The Air Between Words
17 June 2014
Ninja Tune
3 stars out of 5
Dutch DJ/producer Martijn Deijkers gives us his third LP
under the moniker Martyn, The Air Between
Words, and it’s yet another whiplash-inflicting switch in direction. Long
gone is the dubstep of his 2009 debut, Great
Lengths, as is the 2-step/garage revivalism of 2011’s Ghost People. Now, Martyn is mining the burned-out wastelands of
Detroit techno in this fifty-three minute homage to Carl Craig and Juan Atkins,
and while successful on tracks like “Empty Mind” and “Lullaby,” Deijkers doesn’t
sustain a fresh approach to the genre over the length of the album.
It’s not all Detroit here—“Drones”
is basically Chelmsford
circa 1995 (that means early Squarepusher for you non-Essex-residing folks),
minus the frantic drum’n’bass drum programming. Former Hype Williams member Inga
Copeland (sorry, it’s just “copeland” now, without even a capital C for
emphasis) is featured on “Love of Pleasure,” but the track doesn’t approach the
exciting experimentation of her own material, either solo or with Dean Blunt.

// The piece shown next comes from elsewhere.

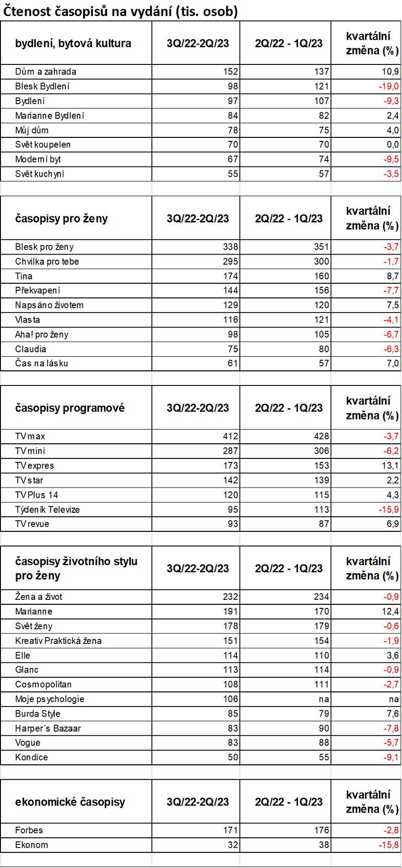 Souhrnná čtenost tuzemských časopisů představovala v uplynulých dvanácti měsících končících 30. červnem 6,55 mil. osob ve věku 12-79 let. To je srovnatelný výsledek jako v předešlém měřeném období (-0,8 %).
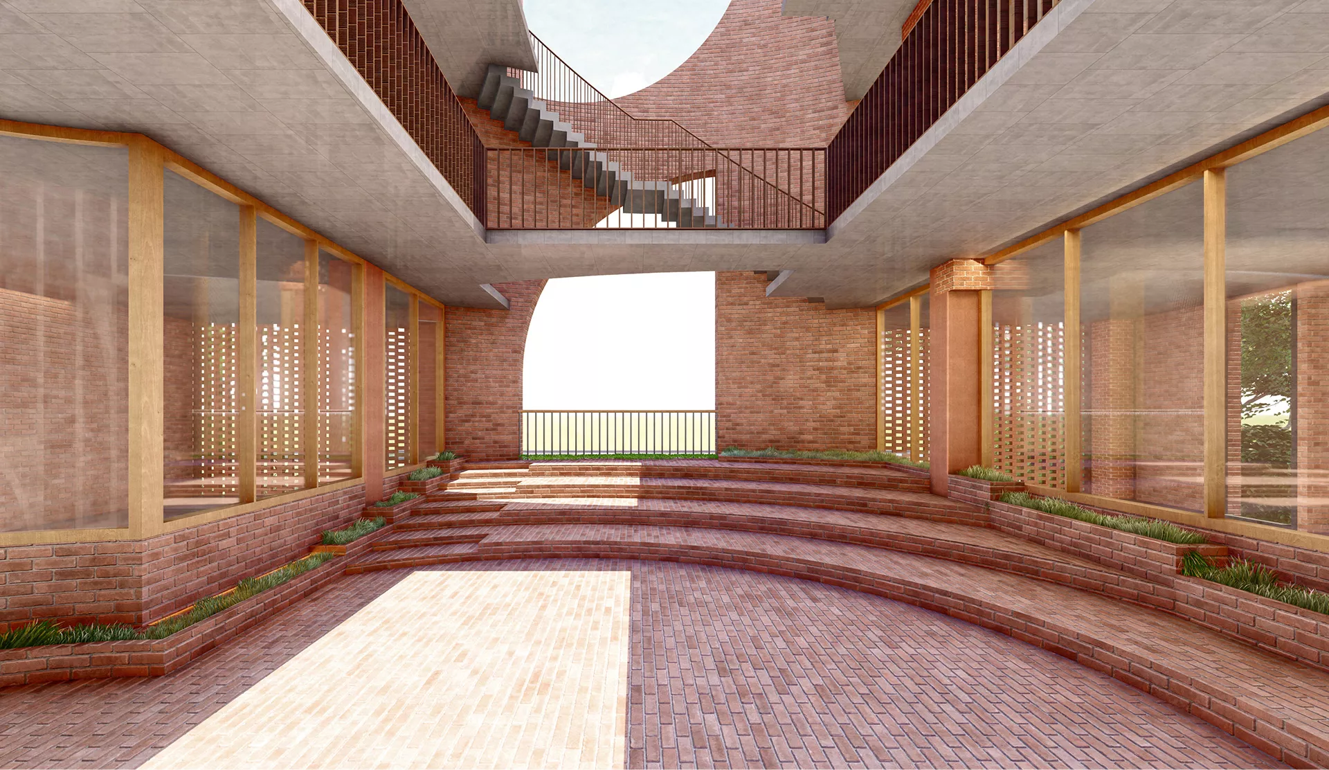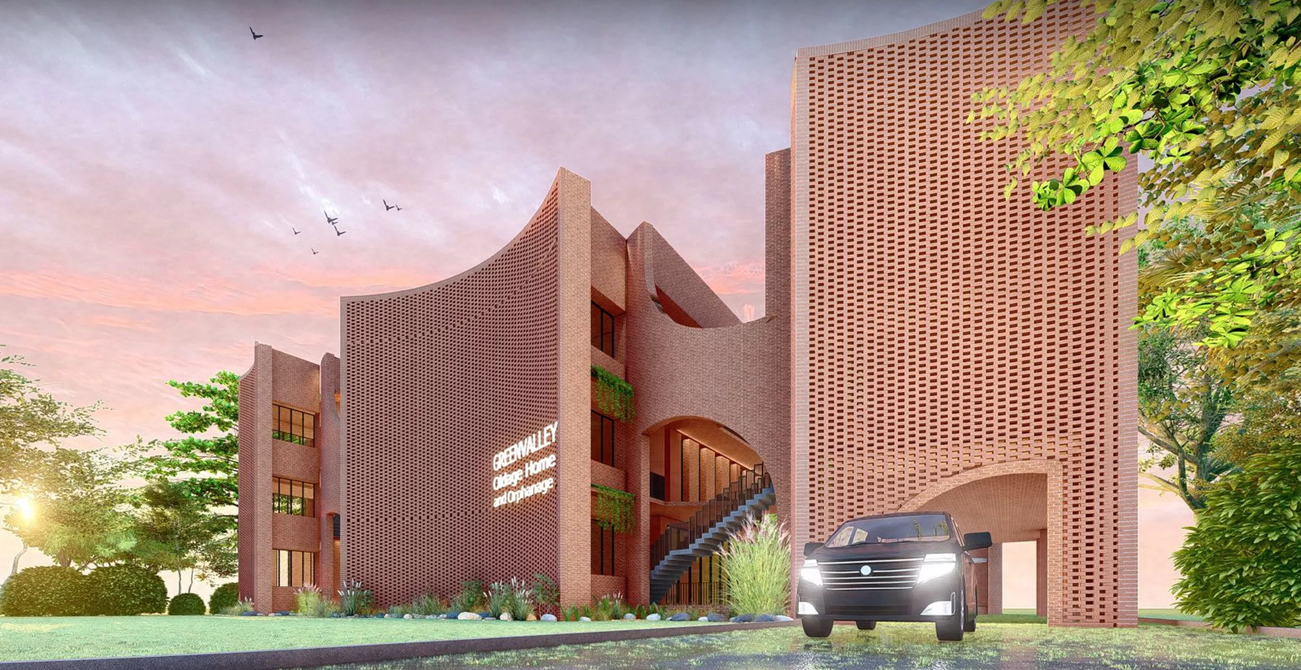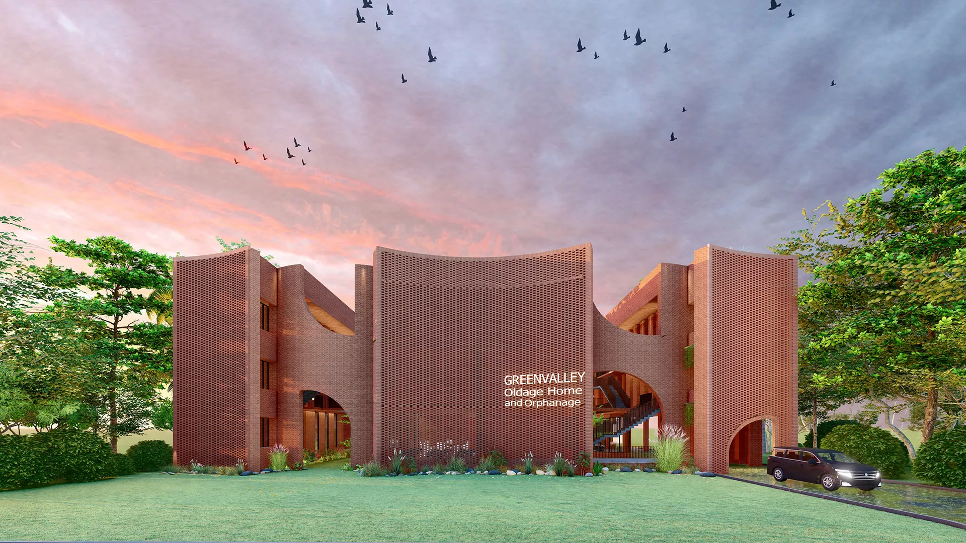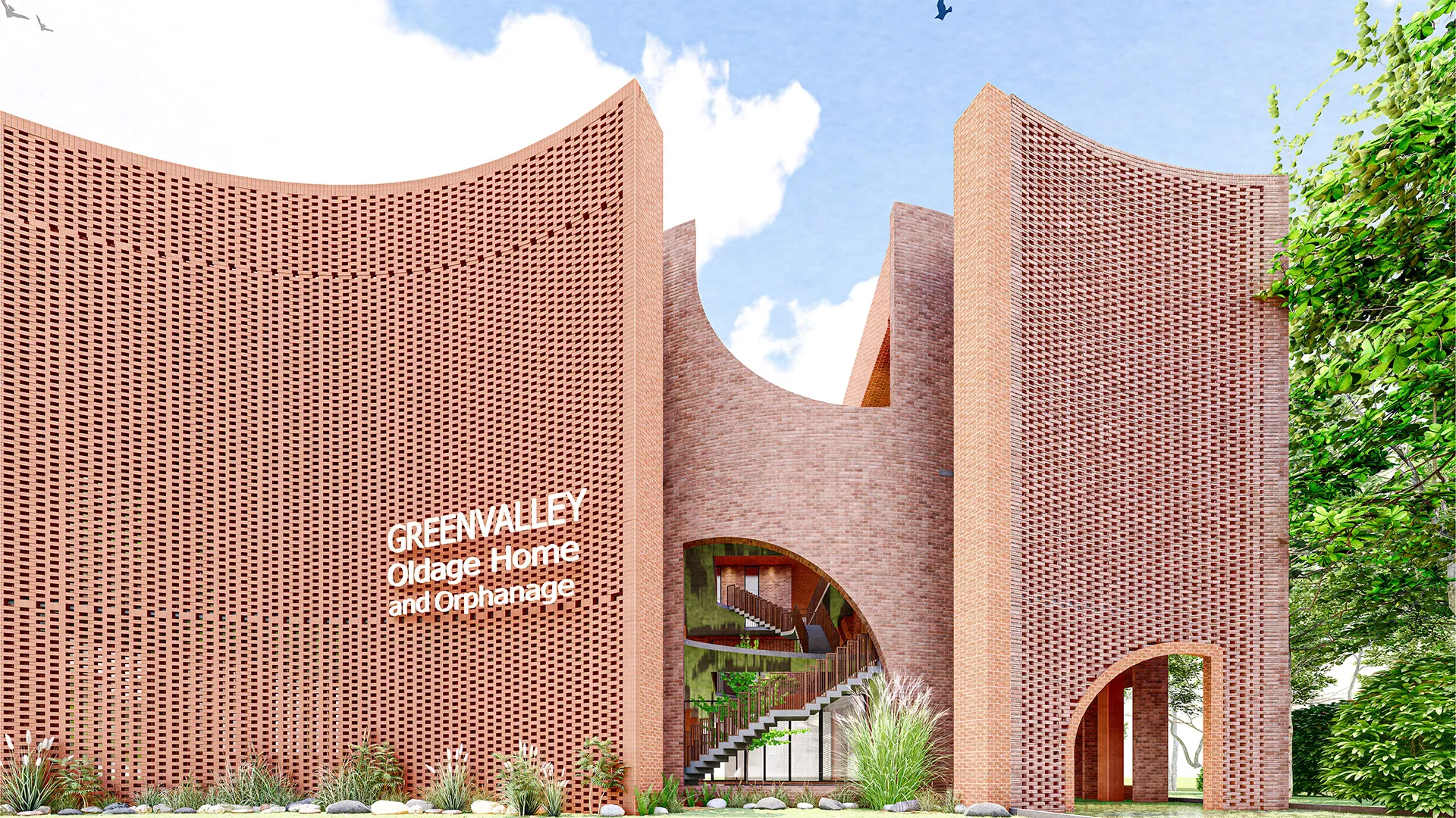 The natural forces of water and air flowing from the Himalayas through Bangladesh play a significant role in architectural design, particularly in maximizing ventilation and creating a healthy environment. The design of the old age home building has been oriented along the north-south axis to ensure maximum cross-ventilation. Perforated mesh bricks additionally help facilitate natural airflow throughout the structure. The design, characterized by curved perforated brick walls, symbolizes openness, warmth, and a seamless connection between past and future generations. The permeable walls allow natural light and airflow, creating a tranquil and breathable living environment.

Album highlight “Like That” is oddly among both the most interesting and the
most derivative tracks on the album—a case where Deijkers almost could be
faulted for getting it too right.
The Air Between Words
should have been a lot better than it is, but it isn’t, and that’s just the way
it is. There’s no sense in us protesting en
masse outside the Dutch embassy, waving our little signs and chanting our
little activist tunes. There’s no petition we can sign nor NGO we can volunteer
for in the jungles of Cameroon —we
just have to heave our collective sigh on this one and accept that we cannot
achieve a better Martyn record through democratic means. (That was a joke—protesting
against the actions of a democratically-elected government is very clearly
anti-democratic. *wink*) At any rate, Deijkers will probably get bored of Detroit
techno within a couple of weeks anyway, so we should just wait to see what
genre he decides to tackle next and maybe we’ll be satisfied again.